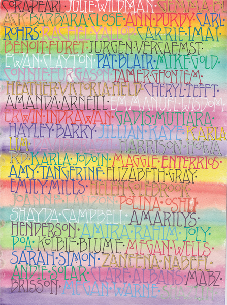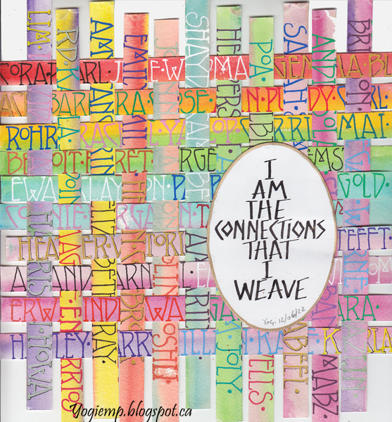 - I Am The Connections On Arches Text Wove paper painted my colored stripes using mainly Winsor and Newton watercolors. Wrote in the names of a lot of my instructors since Covid started (still a bunch more I haven't included...) using various colors of Artistro extra fine tipped pens, gold and white gel pens and microns in an architectural hand.. Cut down to 1/2" strips and wove. Wrote out the quote with a 1.5 Parallel pen and Sumi ink. Die cut with a Spellbinders oval die set, edged the oval with a gold Krylon pen and adhered to weave. |
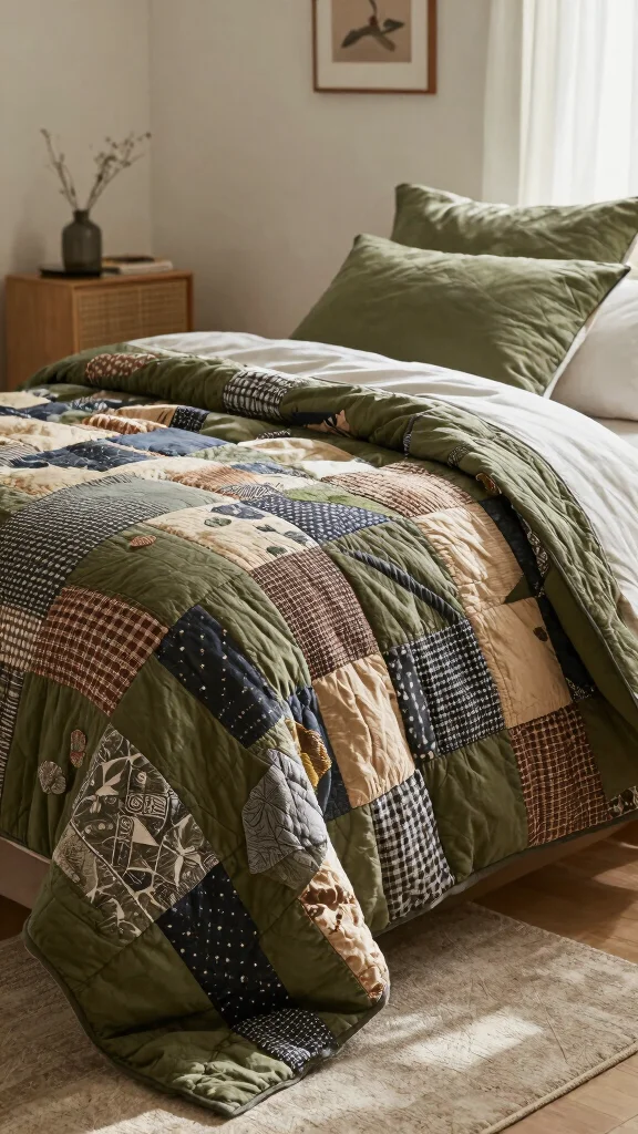 Combine them with solid color sheets to ground the look while allowing the quilt to shine. If you’re on a budget, consider making your own patchwork quilt using fabric scraps for a personal touch.
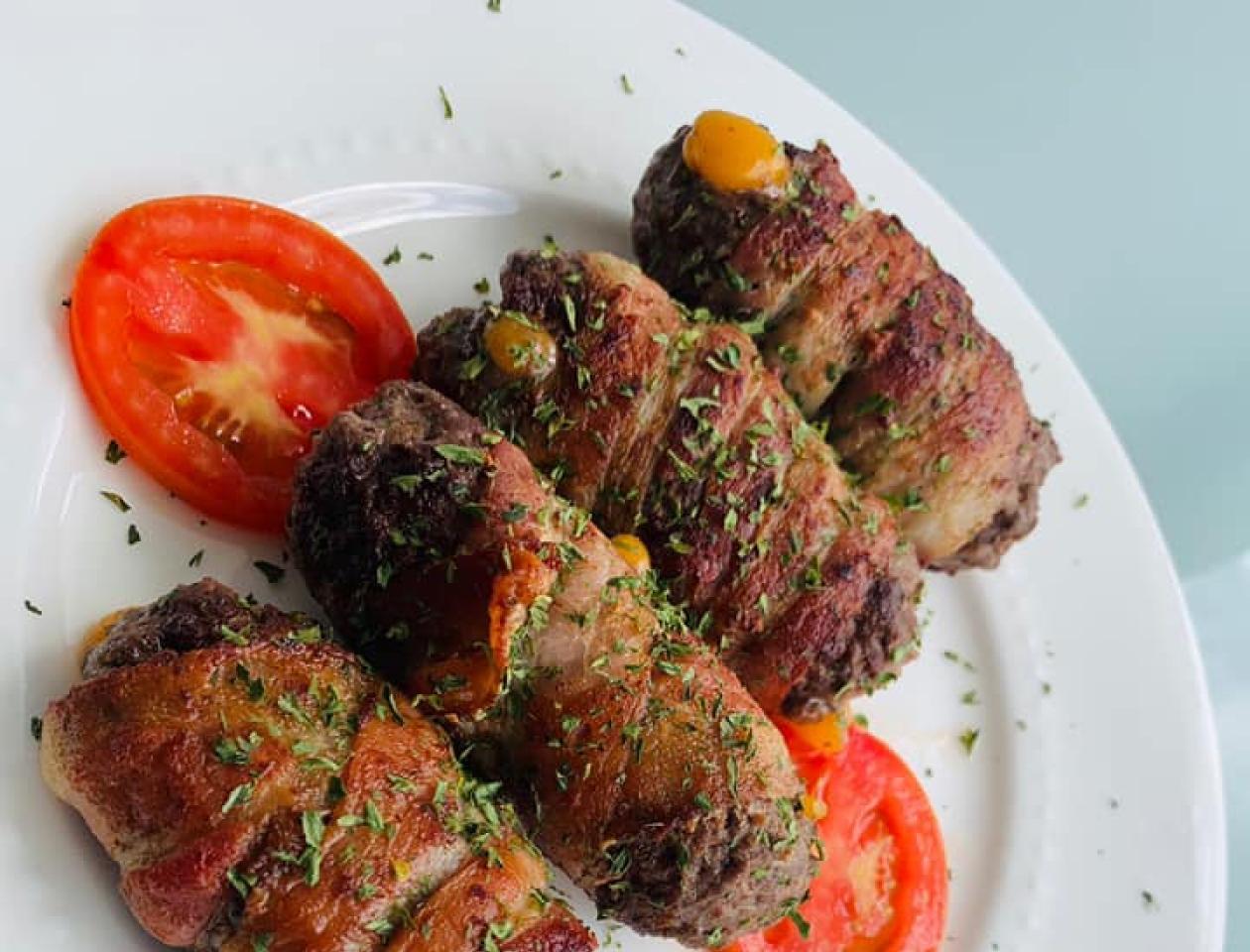 Commencer à préparer par couper le fromage en lamelles, assaisonner la viande hachée avec du sel, de l’oignon, de l’ail et du poivre noir. Séparer la viande en portions rond plat puis poser un morceau de fromage sur chaque portion de viande et les rouler. Prendre une tranche de bacon et la placer et envelopper le rouleau de viande. Répéter avec le reste des rouleaux.
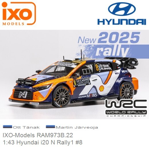 ixo 1/43 Hyundai i20 N Rally 1 2025 Monte Carlo Rally #8 O. Tänak/M. Järveoja
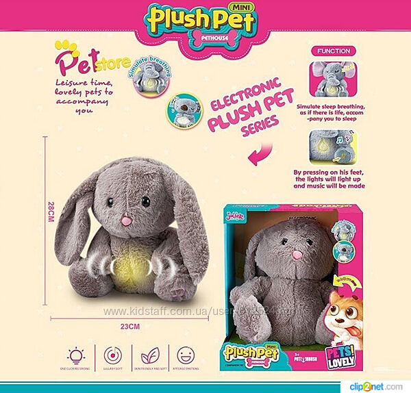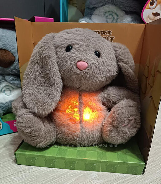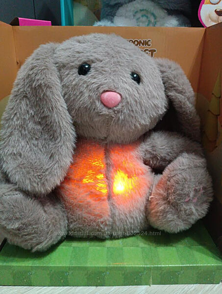При натисканні на лапку тваринка почне підсвічуватися, дихати і заграє приємну мелодію, яка допоможе дитині розслабитися та заснути.
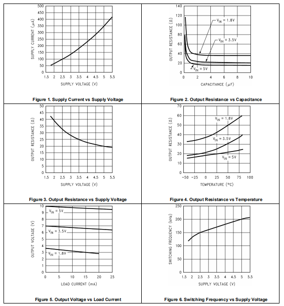 (2) 规定的输出电阻包括内部开关电阻和电容ESR。有关详细信息,请参见应用和实现正电压倍增器。
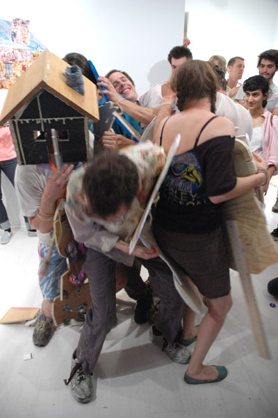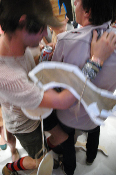 Jacques Louis Vidal's appearance at Sunday is more than a show; it's a way of art, a two-way street for both the artist and the viewer. At the opening reception of "Wood Folks is Good Folks" the artist enlisted himself and some half dozen volunteers in a performance which literally wound through (and into) the entire gallery installation. He's promised one more performance for this Saturday, July 7, a workshop called "making friends + keeping friends". It should start soon after the mesquite cookout, which is on the schedule from 1 to 4. I definitely recommend a visit to Eldridge Street that day.
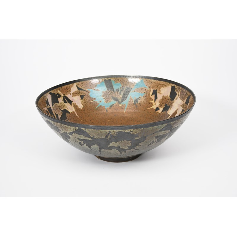 a large earthenware flaring bowl, on narrow foot, decorated with a geometric frieze in pink, blue and bronze on a speckled brown ground impressed seal mark, 39cm. diam.
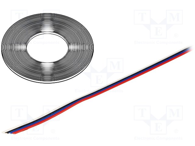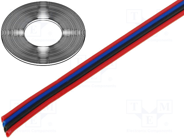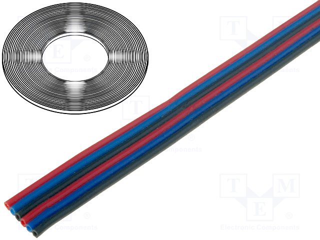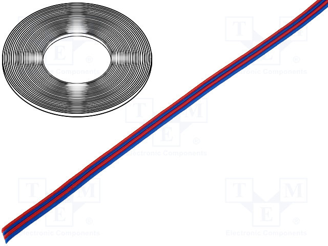 Провод: плоский; многопров; Cu; 4x0,124мм2; ПВХ; красный,синий |
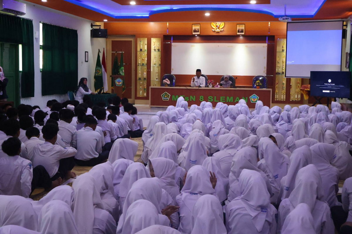 Kemenag Sleman News – (MTsN 8 Sleman) Aula MTsN 8 Sleman pada Selasa (16/9/2025) menjadi saksi pelaksanaan kegiatan sosialisasi Pemilu yang digelar oleh Komisi Pemilihan Umum (KPU) Kabupaten Sleman. Kegiatan ini diikuti dengan antusias oleh para siswa sebagai bagian dari pendidikan demokrasi sejak dini. Dalam kesempatan tersebut, Kepala MTsN 8 Sleman, Agus Sholeh, S.Ag., hadir memberikan sambutan sekaligus membuka secara resmi kegiatan sosialisasi tersebut.

◆ What is expected
Output only the lines from the start of the data through the line that holds "При натисканні на". Keep them exact and leave the pictures out.

◆ Result of this task
 - I Am The Connections On Arches Text Wove paper painted my colored stripes using mainly Winsor and Newton watercolors. Wrote in the names of a lot of my instructors since Covid started (still a bunch more I haven't included...) using various colors of Artistro extra fine tipped pens, gold and white gel pens and microns in an architectural hand.. Cut down to 1/2" strips and wove. Wrote out the quote with a 1.5 Parallel pen and Sumi ink. Die cut with a Spellbinders oval die set, edged the oval with a gold Krylon pen and adhered to weave. |
 Combine them with solid color sheets to ground the look while allowing the quilt to shine. If you’re on a budget, consider making your own patchwork quilt using fabric scraps for a personal touch.
 Commencer à préparer par couper le fromage en lamelles, assaisonner la viande hachée avec du sel, de l’oignon, de l’ail et du poivre noir. Séparer la viande en portions rond plat puis poser un morceau de fromage sur chaque portion de viande et les rouler. Prendre une tranche de bacon et la placer et envelopper le rouleau de viande. Répéter avec le reste des rouleaux.
 ixo 1/43 Hyundai i20 N Rally 1 2025 Monte Carlo Rally #8 O. Tänak/M. Järveoja
При натисканні на лапку тваринка почне підсвічуватися, дихати і заграє приємну мелодію, яка допоможе дитині розслабитися та заснути.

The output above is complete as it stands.